Much like Crash Bandicoot 4, the best platformers are easy enough to finish but infuriating to complete. Sackboy certainly never reaches the utter rage-inducing heights of Crash 4. Though the last of the ‘Knitted Knight Trials’ levels comes close! This game earns its keep as a platformer that isn’t just for kids.
Sackboy’s gameplay is extremely enjoyable. His move set is fairly basic. You’ll jump, punch, roll and ‘hang in the air’ momentarily by holding X after jumping. You can roll in mid-air which increases the distance you can travel and makes longer jumps possible. That’s really the extent of the manipulations you’ll have over its systems. As new mechanics are introduced, such as a grapple gun and plasma pumps that allow you to shoot and hover, there is a natural evolution of gameplay that enhances this move set.

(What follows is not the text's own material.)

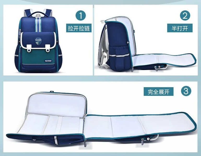 1 人体工学设计,升级护腰护脊,S曲线肩带加宽加厚,防滑护脊胸口设计,3D立体U型背垫设计,透气网孔不闷热。 2 一体式大容量设计,功能性up,分层收纳巨能装,培养孩子自主整理习惯 3 自重超轻,安全反光条设计,荷叶式防泼水设计,防滑脚垫,使用寿命长 |
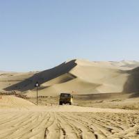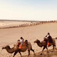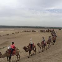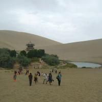 从敦煌去景鸣沙山点交通方便,3路公交终点即到,门票120元(60一70岁半价),性价比可以。进景点后是否租用鞋套、及坐电瓶车自便,本人均未釆用,因多次去过沙漠穿鞋套反显笨拙。进景区后化100元骑骆驼是不错的选择,4公里路有意思,一直到月牙泉下鞍,也省了10元电瓶车钱。景色不错,出景点向市区一公里

There are, however, some unfortunate side effects of the isometric design of the levels. That is to say that the forced perspective of the game can lead to an imprecise understanding of where you will land and what you might punch. Though rare, it’s an unfortunate anomaly in the typically excellent gameplay. It is one that will, without doubt, lead to a few frustrating deaths. You will get more accustomed to this over time. Along with Sackboy’s quite slow speed, the irritation never quite goes away.
Thankfully, the positives of the gameplay far outweigh these small concerns! I quickly got used to this slightly slower and often relaxed pace of platformer and indeed found considerable enjoyment from its quirks.
A Sackload of Tunes
As unexpected was my enjoyment of Sackboy was it’s utterly phenomenal, entirely original, and precisely constructed utilisation of music.
The soundtrack itself is fun enough, with its original compositions full of personality and accurately representing its world. Its use of famous tracks and how they directly influence the gameplay is mesmerising. As you navigate one level, often forced to move quickly before the screen catches up with you, Britney Spear’s Toxic bellows out and the track's beats pair with how the level ‘moves’ around you. Electric currents will move across platforms along to the beat, girders will bounce up and down, enemies will even move as though they’re ‘feeling’ the music.
It’s a fantastic concept, and these levels are easily the highlight of the game’s many ingenious levels. Not only is it fun and enjoyable, but the music serves the purpose of signposting when things are going to happen and essentially aids with timing.
Sew, Sew Good
It’s always great when a game takes you by surprise and Sackboy: A Big Adventure certainly did that. Full of charming environments, enjoyable gameplay, original ideas and a wonderful soundtrack, it’s easy to heartily recommend this title. If this is the start of a new franchise of platformer, I’m definitely on board.